Just north of the scene sat Arlington National Cemetery where more than a third of the victims would be buried.
Clements sat in a co-worker’s office one day in the summer of 2001. They were good friends.
The colleague, an air traffic controller, told him some interesting news. He was being reassigned.
“Where to,” Clements asked.
“Can’t say. It’s classified, but it ends in ’stan,’ ” the colleague said.
The friend exchanged this tidbit in his office, which directly faced the Pentagon.
It was the same view the two would share on Sept. 11.
Months later, Clements ran into his friend.
He asked him, “Which ’stan?”
“Afghanistan.”
On Sept. 11, 2001, Clements contemplated walking home.
He’d lost touch with his carpool amid the pandemonium.
Calling his wife for a ride was out of the question. Cell phones weren’t working.
He figured his feet would travel at about the same pace as the vehicles gridlocked on I-395, but he found a co-worker who offered him a lift.
What was normally a fairly short commute spanned several hours.
Clements arrived home to his wife, Cheryl. A high school principal, she had Capitol police arrive at her school that morning to escort the children of congressmen out of the building.
At home, he flicked on the TV where contradictory reports filled the big screen.
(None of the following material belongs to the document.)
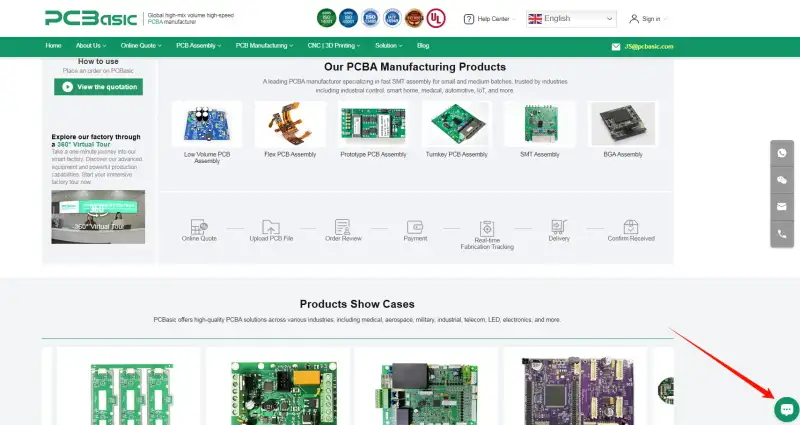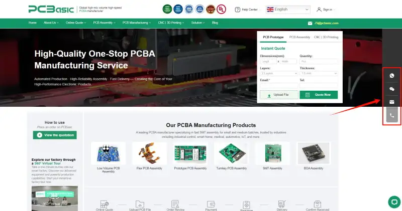 On the right side of each page of the PCBasic website, there is a fixed floating contact bar (including WhatsApp, WeChat, email, and phone number). Clicking on any of them will directly connect you with us.

An eyewitness to the Pentagon crash said the plane hit the ground and bounced into the building.
No, he thought, shaking his head. No way.
“It wasn’t a crash,” he said. “It was a bomb. A bomb with wings.”
He said the same thing in his interview with the FBI the next day.
On Sept. 12, traffic was still congested, and security measures at the Pentagon and Annex buildings increased.
Police checked each vehicle, popped the trunks and positioned mirrors to examine each car’s underbelly.
Clements didn’t make it to his desk by 7 a.m that day, which bothered a punctual, former military man like himself. A little late, he nevertheless put in his typical 10-hour workday.
Secretary of Defense Donald Rumsfeld decided government business would resume on Sept. 12. Wall Street made the same decision.
It sent a message to the world that America does not back down, Clements said.
In the weeks immediately following 9/11, Clements drove his Harley-Davidson to work. He found motorcycle security lines moved more quickly.
His agency had moved to the Annex just a few months shy of September to get more space.
Before the move, he had put 17 years of his life into the Pentagon.
But it would never be the same.
Gone was the lively spirit, the comedians among his co-workers.
“We called (the Pentagon) Fortress Fumble,” Clements said. “After the attack, we were just a fortress.”
Up went biological and chemical detectors around the perimeter.
Troops with machine guns sat in Humvees outside entrances.
His first meeting in the Pentagon after 9/11 was a few weeks later.
The wreckage of the 737 was blocked from view.
But the smoldering smell lingered for months.
Clements retired in 2004 with employment offers to work in Israel and Brussels.
He briefly considered Belgium — good mussels, great beer — and almost moved there.
The Belgian capital is now facing an influx of immigrants and refugees. Last March, two airports and a metro station were bombed, killing 32 civilians and injuring hundreds more.
Another almost that might have saved him, he reckoned.
Instead, he bought a house in Sea Pines. He golfs several times a week, often with Parris Island Marine recruits or in tournaments supporting veterans.
On vacation in Hawaii, his wife wanted to skydive.
Clements, a former pilot, had no desire to jump out of a plane after two decades of landing them.
He hasn’t been back to the Pentagon since his retirement.
A lifetime of almosts behind him, he chooses not to tempt fate anymore.